The formula for the confidence interval is:
[tex]\[ CI = \left( p - z \times SE, p + z \times SE \right) \][/tex]
where [tex]\( z \)[/tex] is the Z-value for the desired confidence level (1.96 for 95%).
For Survey A:
[tex]\[ CI_A = \left( 0.88 - 1.96 \times 0.010276186062932104, 0.88 + 1.96 \times 0.010276186062932104 \right) \][/tex]
[tex]\[ CI_A = (0.859858675316653, 0.900141324683347) \][/tex]
For Survey B:
[tex]\[ CI_B = \left( 0.82 - 1.96 \times 0.009604686356149274, 0.82 + 1.96 \times 0.009604686356149274 \right) \][/tex]
[tex]\[ CI_B = (0.8011748147419474, 0.8388251852580525) \][/tex]
Step 3: Determine the width of the confidence intervals.

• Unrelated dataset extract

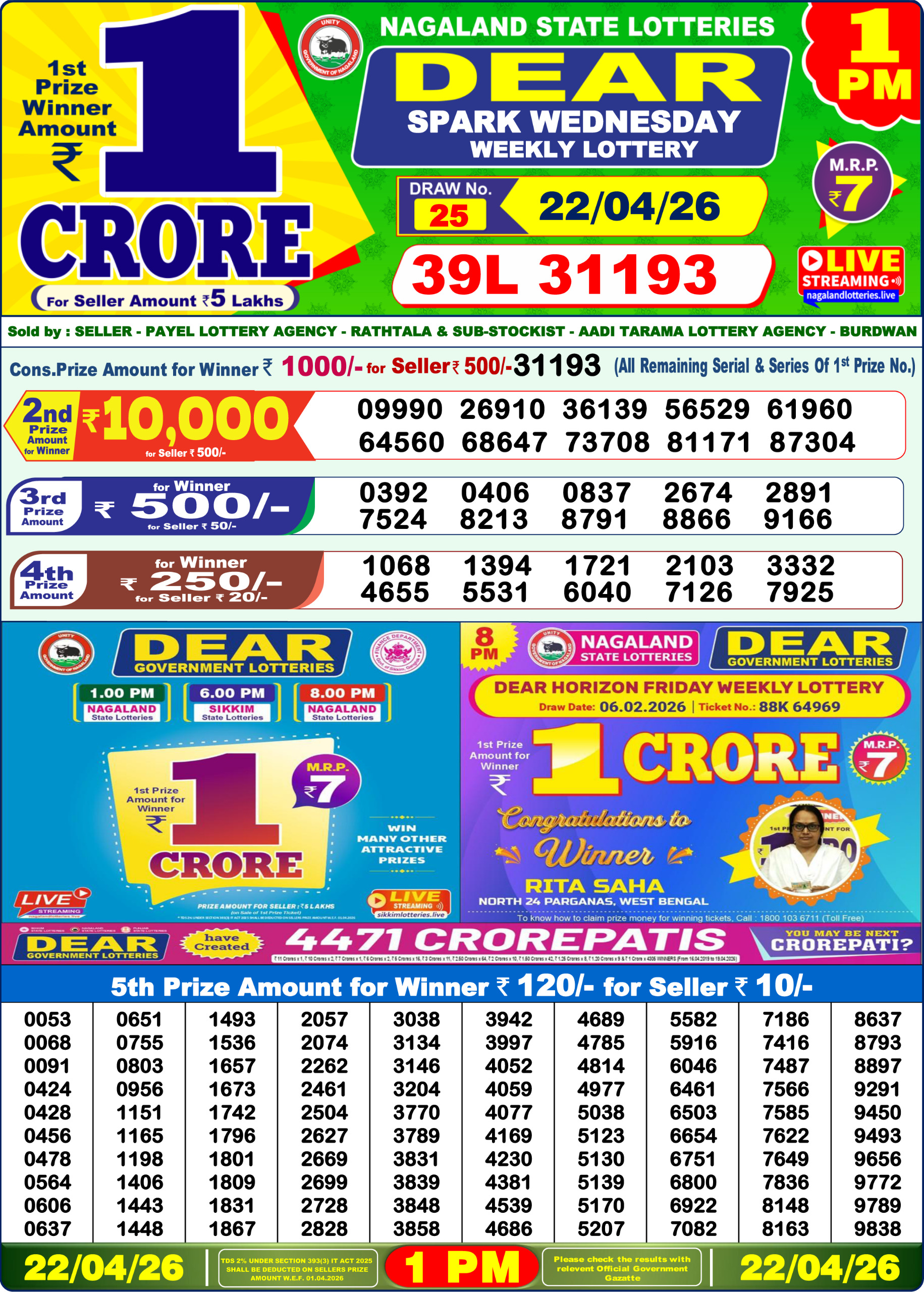 Dear Spark Wednesday Weekly Lottery result for April 22 2026. Nagaland Lottery Result, Lottery Sambad update for today. Organized by Nagaland.

The width of a confidence interval is given by the difference between the upper and lower bounds of the interval.
For Survey A:
[tex]\[ \text{CI width}_A = 0.900141324683347 - 0.859858675316653 = 0.0402826493666939 \][/tex]
For Survey B:
[tex]\[ \text{CI width}_B = 0.8388251852580525 - 0.8011748147419474 = 0.03765037051610509 \][/tex]
Step 4: Comparison of confidence intervals.
- The width of the confidence interval is smaller for Survey B: [tex]\( 0.03765037051610509 \)[/tex] compared to Survey A: [tex]\( 0.0402826493666939 \)[/tex].
Based on this analysis, the true statement is:
- The confidence interval is smaller for Survey B.